Here is a simple PHP script that opens an SSL socket ready to send HTTP requests:
$contextOptions = array(); $socketUrl = 'ssl://google.com:443'; $streamContext = stream_context_create($contextOptions); $socket = stream_socket_client($socketUrl, $errno, $errstr, 30, STREAM_CLIENT_CONNECT, $streamContext); if (!$socket || $errno !== 0) { var_dump($socket, $errstr); exit; } var_dump($socket); exit('Socket created.');
This works - I've just tested it - but there is no validation against a trusted CA store.
We can modify that script to use PHP's SSL Context options:
$contextOptions = array( 'ssl' => array( 'cafile' => 'C:\xampp\cacerts.pem', 'CN_match' => '*.google.com', // CN_match will only be checked if 'verify_peer' is set to TRUE. See https://bugs.php.net/bug.php?id=47030. 'verify_peer' => TRUE, ) ); $socketUrl = 'ssl://google.com:443'; $streamContext = stream_context_create($contextOptions); $socket = stream_socket_client($socketUrl, $errno, $errstr, 30, STREAM_CLIENT_CONNECT, $streamContext); if (!$socket || $errno !== 0) { var_dump($socket, $errstr); exit; } var_dump($socket); exit('Socket created.');
As long as the 'cafile' exists and has the correct CA then this example also works...
...but how can we do this without hard-coding a CA filename/filepath?
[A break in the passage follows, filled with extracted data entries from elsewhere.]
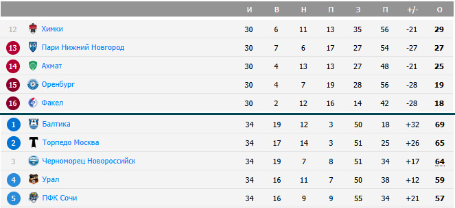 3) По спортивному принципу напрямую пробились в РПЛ Балтика и Торпедо. В зоне стыков финишировали Черноморец и Урал.
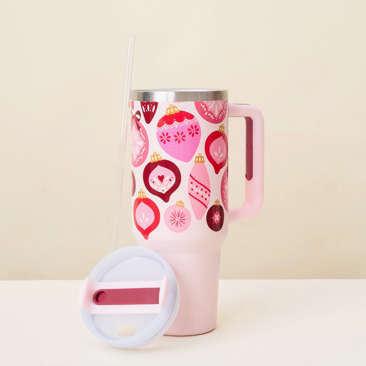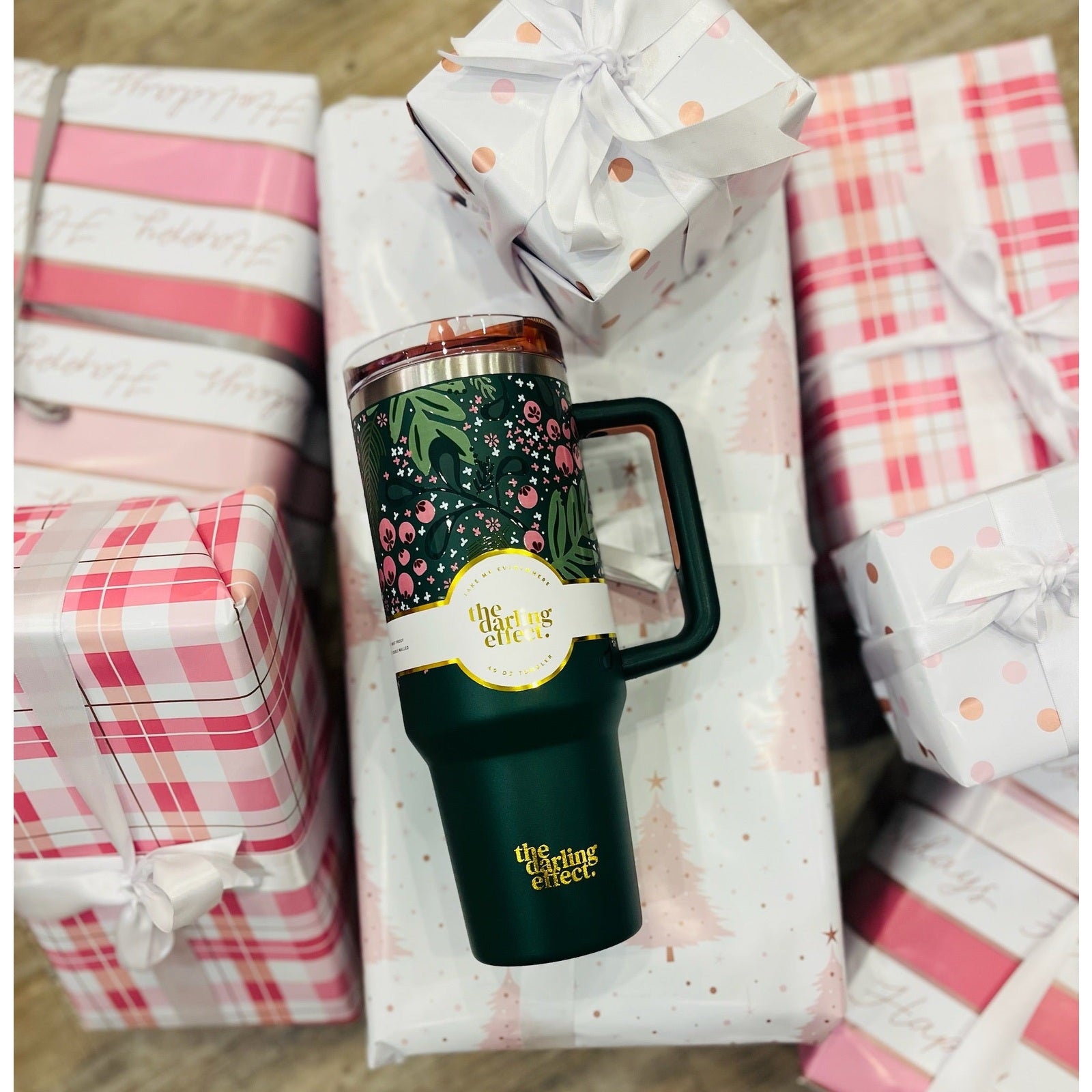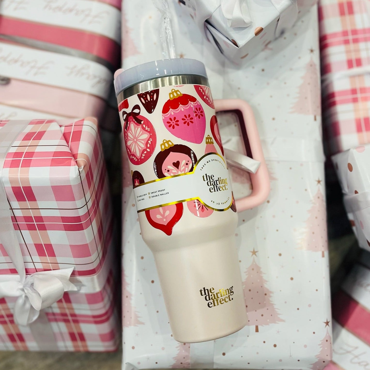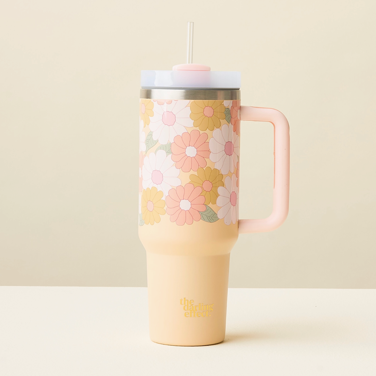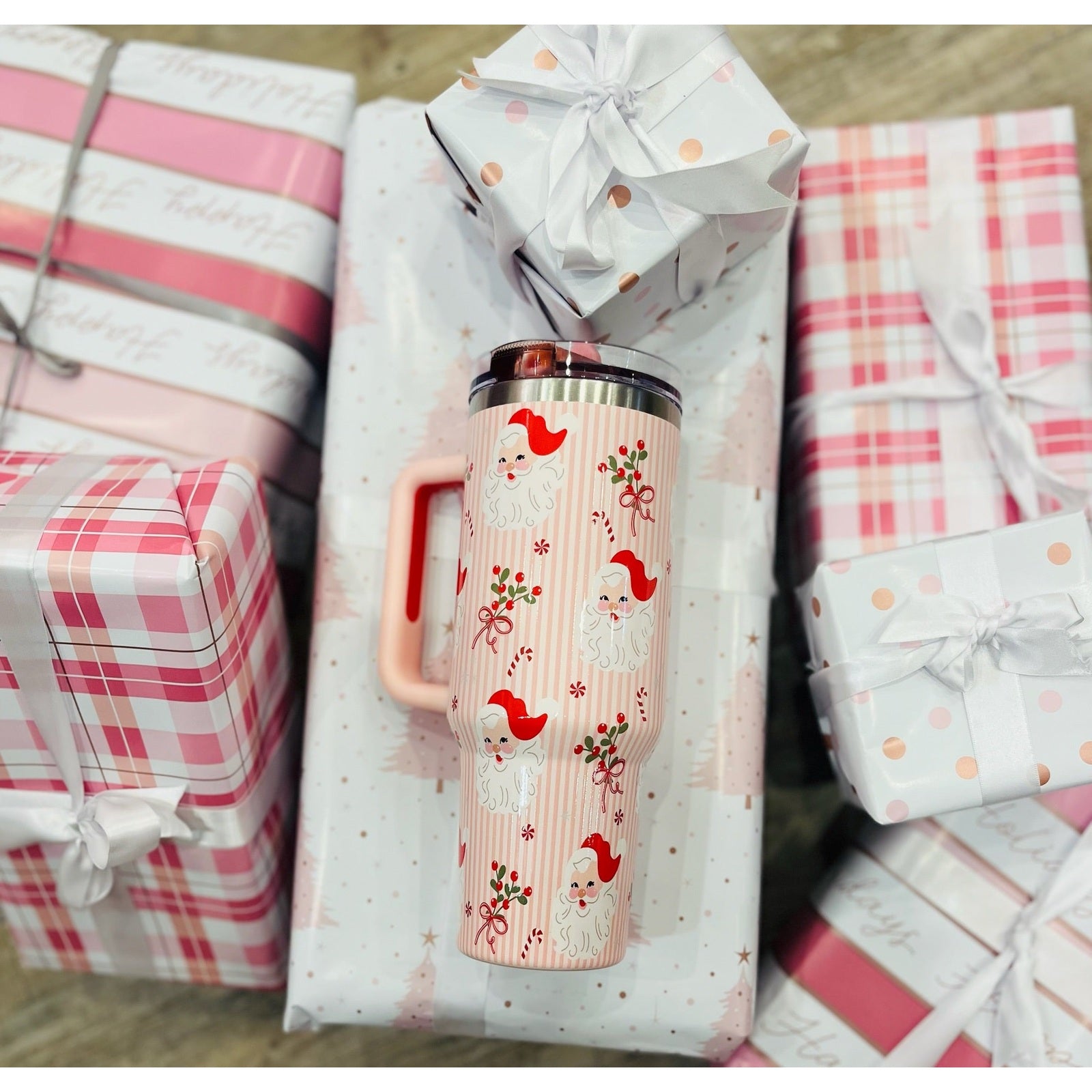 Stay hydrated in style! Our 40oz tumblers keep your drinks ice-cold or piping hot all day long, perfect for busy mornings, errands, or long workdays. Featuring a sturdy handle, spill-resistant lid, and sleek design, it’s the ultimate everyday essential. Available in multiple colors to match your vibe, these tumblers make the cutest gift or treat for yourself! This hot new trendy drinkware style holds up to 40 oz. of your favorite beverage!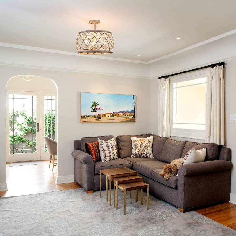 7. The Drum Ceiling Light Keeps the Living Room Feel Open and Airy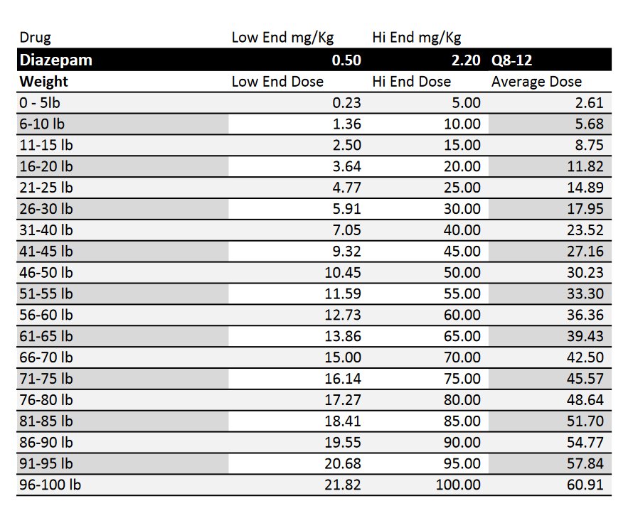 Diazepam November 2, 2020 Drug Dosages Dog: 0.5mg to 1.0mg/lb PO Q8 Cat: 0.25 to 1.0mg/lb PO Q8 Can wreck a cat liver rarely. 5mg and 10mg tablets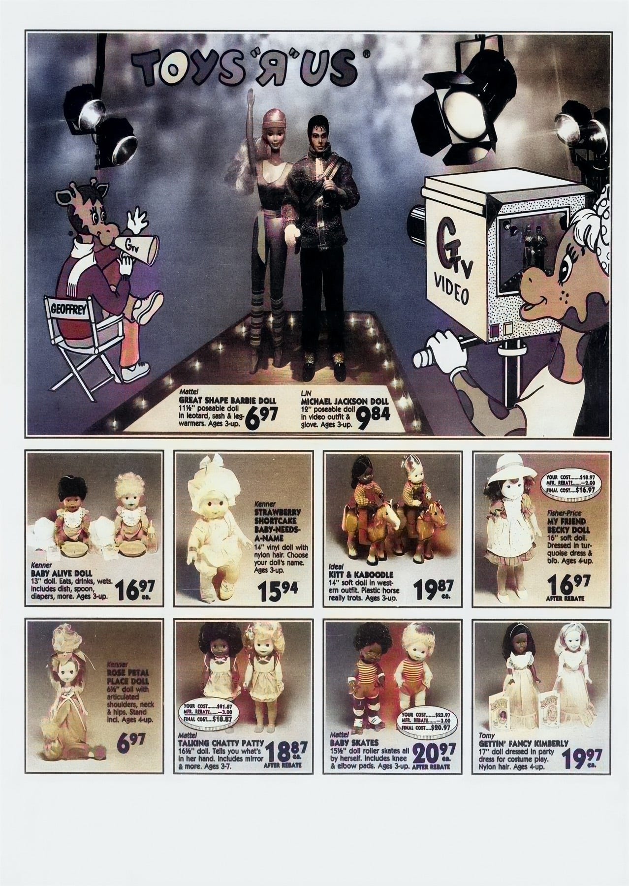 The real star of the page isn’t the toys though, its Gtv. Geoffrey directing a music video or some sort of performance where Michael Jackson and Great Shape Barbie take the stage together, it doesn’t get much more 1984 than that.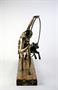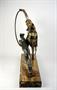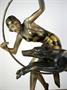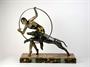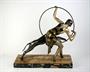 art deco figura artistky/tanečnice trénující psa, patinovaný kov, kamenný podstavec (mramor a onyx), Francie, kolem roku 1935; výška 39 cm, šířka 39 cm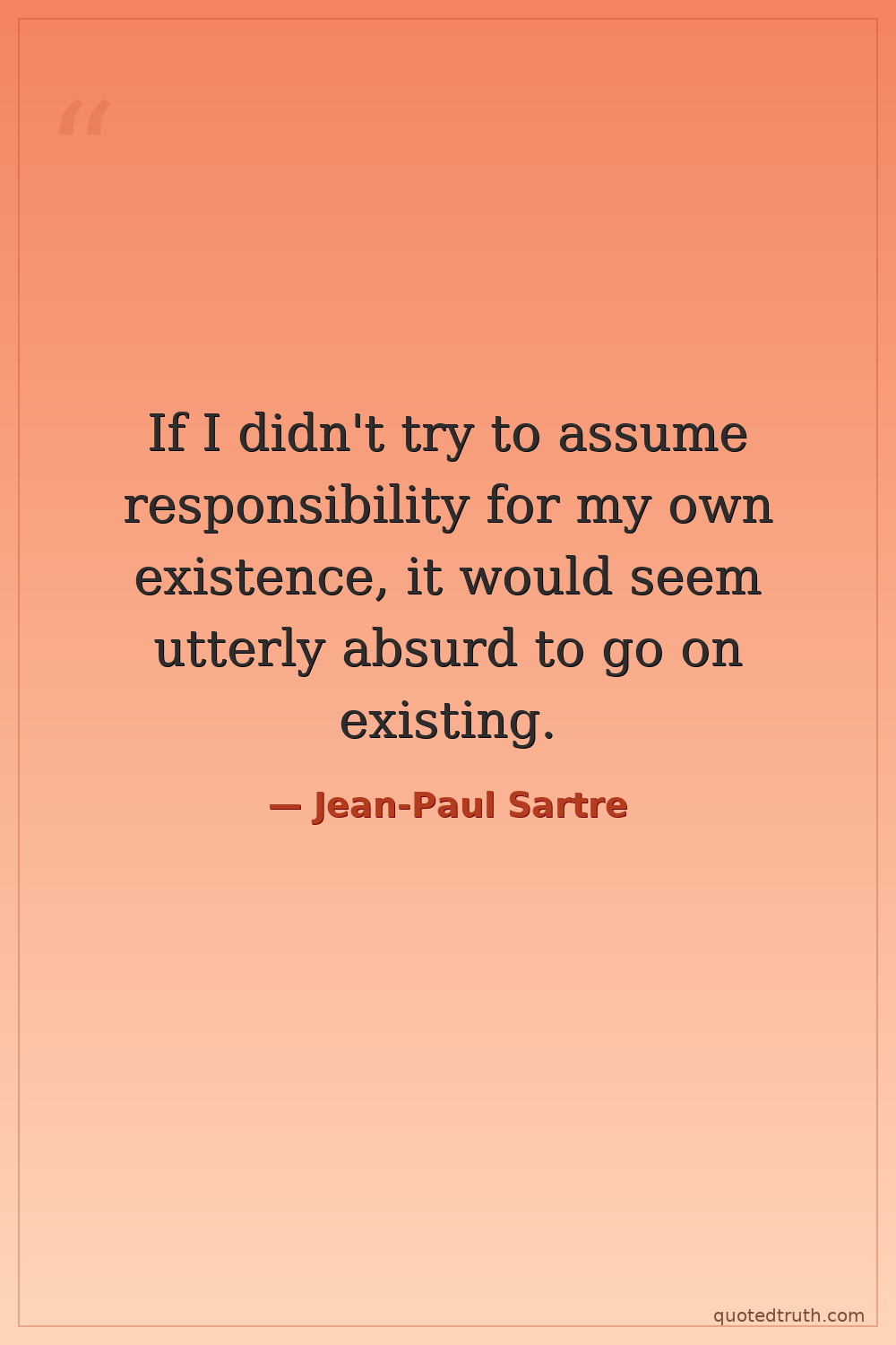 If I didn't try to assume responsibility for my own existence, it would seem utterly absurd to go on existing.

We're trying to create something that verifies SSL certificates OS-independently without requiring separate configuration for each server that runs this script.
I know Linux has a directory for CAs that we could put as the 'capath'. What about Windows? Where does it store its trusted CAs? I searched and these unfortunately seemed to be in the registry, so is there no way we can access them from PHP? What about other OSs?